> _AVAILABLE DATA_

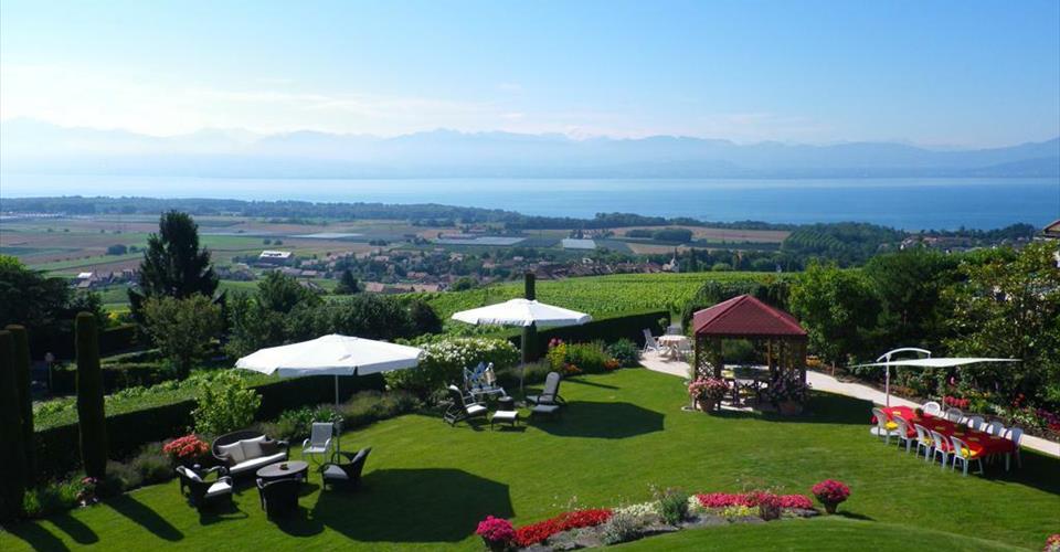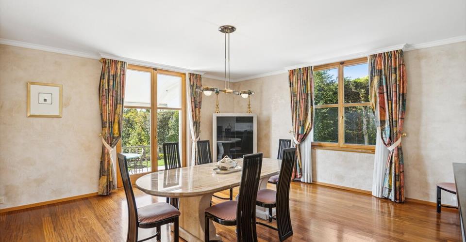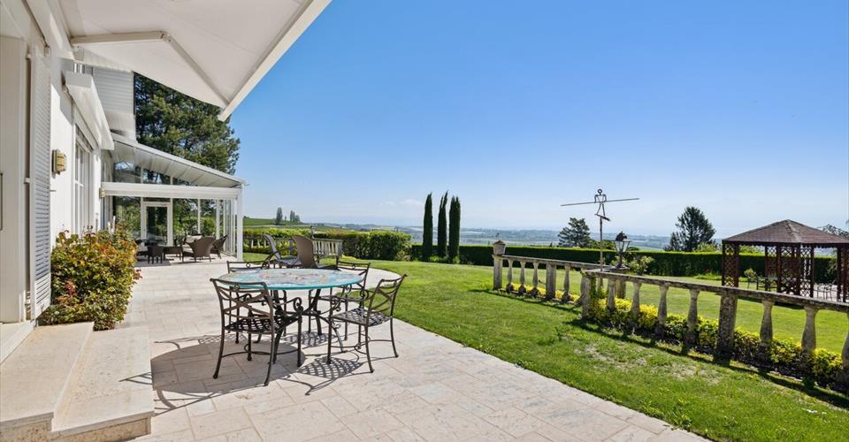 Situation exceptionnelle pour cette propriété individuelle. Implantée sur une parcelle joliment arborée de 1800 m², elle bénéficie d’un magnifique dégagement sur le lac Léman et la chaîne des Alpes. Privacité et calme absolu sont aussi les avantages que ce bien vous apportera. Construite en 1994, la maison offre une surface habitable d’environ 400 m² distribuée sur 2 niveaux plus un sous-sol complet. La villa a été conçue avec des matériaux de standing dans un style élégant et classique. Vous serez séduits par la grandeur des pièces et des volumes qu’elle peut offrir. En effet, l’hauteur sous plafond peut aller dans certaines pièces jusqu’à 6 mètres de hauteur. Les espaces de vie sont multiples et spacieux. Un salon de réception avec une impressionnante cheminée du XVe, le salon TV ou encore la salle à manger sont les endroits propices pour accueillir de la famille ou des invités. Les grandes baies vitrées face sud permettent de profiter d’une vue imprenable sur le lac Léman depuis pratiquement toutes les pièces. Grâce à son orientation, cette propriété jouit d’une belle luminosité. L’espace nuit se compose de 3 chambres à coucher dont une chambre de Maître, accompagnée de son dressing et de sa salle de bains. Un studio est également à disposition, idéal pour recevoir une jeune fille au pair à domicile. Le sous-sol est très bien équipé proposant un garage double, une salle de jeux ou fitness, une cave à vins climatisée ou encore un sauna agrémenté d’une douche. À noter que la villa a été soigneusement et régulièrement entretenue par les propriétaires. Située sur la charmante commune de Féchy, la propriété s’implante dans un quartier résidentiel de villas, dans un environnement calme et privatif. Vous profiterez d’une vue imprenable sur le lac et d’une localisation privilégiée à quelques minutes de l’axe autoroutier et des facilités telles que commerces, écoles publics ou privées “Institut le Rosey”, restaurants et transports en commun. À mi-chemin entre Rolle et Aubonne, vous serez en 20 minutes à Lausanne et à 30 minutes de Genève et de son aéroport internationale. Un lieu de vie exclusif et recherché par de nombreuses familles. Cette maison de standing ne vous laissera pas indifférent !
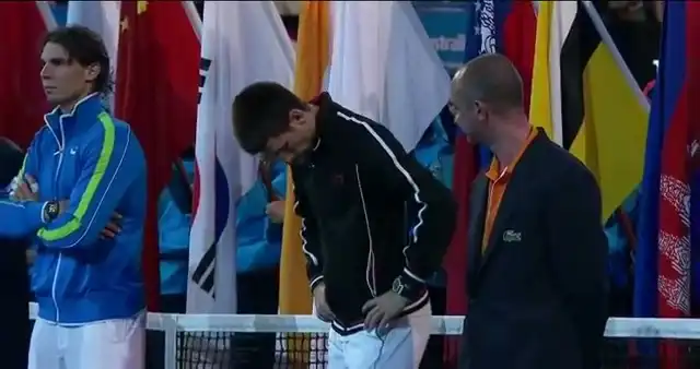 После шести часов изнурительного тенниса , спортсмены слушают торжественную речь, но видно, что им все происходящее не по душе...
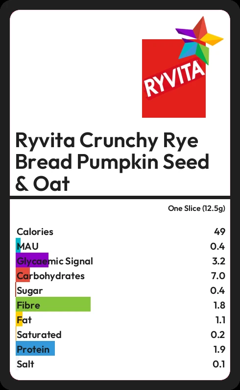 Ryvita Crunchy Rye Bread Pumpkin Seed & Oat contains 0.4g sugar in one Slice (12.5g)
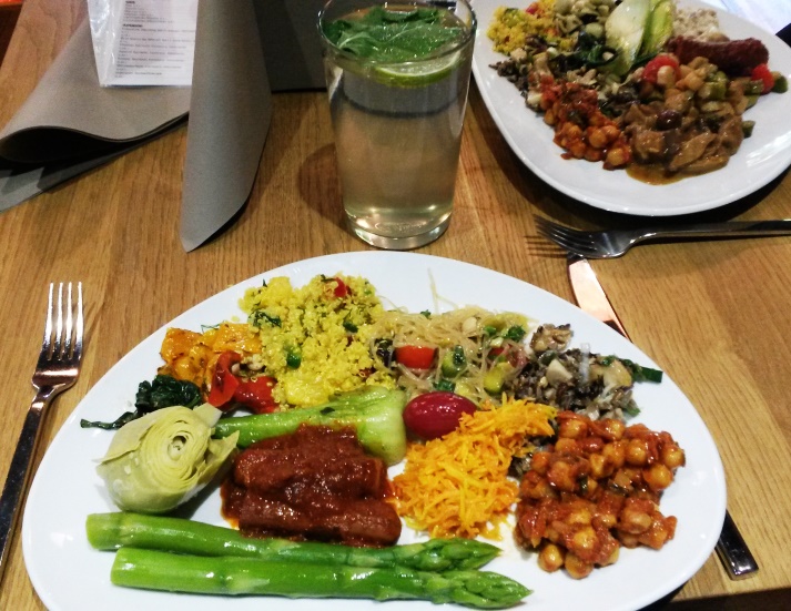 Während Getränke und Desserts an den Platz gebracht werden, muss man die restlichen Speisen nach der Auswahl selbst abwiegen und auf eine Karte buchen, abgerechnet wird dann am Ende. Dieser Kassensturz ist auch der einzige Grund, warum ich nicht noch viel öfters ins Yamm gehe, denn mit einem Preis von 2,70 EUR pro 100g kommt schnell ein beachtlicher Betrag zusammen. Deutlich günstiger fährt man, wenn man zum Frühstücken kommt (bis 11 Uhr), denn dann kosten 100g vom Buffet nur 1,90 EUR – allerdings ist dieses bis dahin noch nicht mit allen Speisen bestückt. Alternativ kann man in den Morgenstunden eine fertige Frühstücksvariation wählen: komplett vegan ist bislang nur das Frühstück „vegan“, aber mit leichten Umbestellungen kann man auch das „OrientOccident“ in einer rein pflanzlichen Variante haben. Da laufend neue Frühstücksgerichte kreiert werden, hoffe ich hier auf baldige neue Ideen seitens der Yamm-Küche.

> _AIM OF THE EXERCISE_
What should appear is an exact reproduction of the lines from the one with "Ryvita Crunchy Rye" through the end of the material above, and no pictures.

> _EXPECTED ANSWER_
 Ryvita Crunchy Rye Bread Pumpkin Seed & Oat contains 0.4g sugar in one Slice (12.5g)
 Während Getränke und Desserts an den Platz gebracht werden, muss man die restlichen Speisen nach der Auswahl selbst abwiegen und auf eine Karte buchen, abgerechnet wird dann am Ende. Dieser Kassensturz ist auch der einzige Grund, warum ich nicht noch viel öfters ins Yamm gehe, denn mit einem Preis von 2,70 EUR pro 100g kommt schnell ein beachtlicher Betrag zusammen. Deutlich günstiger fährt man, wenn man zum Frühstücken kommt (bis 11 Uhr), denn dann kosten 100g vom Buffet nur 1,90 EUR – allerdings ist dieses bis dahin noch nicht mit allen Speisen bestückt. Alternativ kann man in den Morgenstunden eine fertige Frühstücksvariation wählen: komplett vegan ist bislang nur das Frühstück „vegan“, aber mit leichten Umbestellungen kann man auch das „OrientOccident“ in einer rein pflanzlichen Variante haben. Da laufend neue Frühstücksgerichte kreiert werden, hoffe ich hier auf baldige neue Ideen seitens der Yamm-Küche.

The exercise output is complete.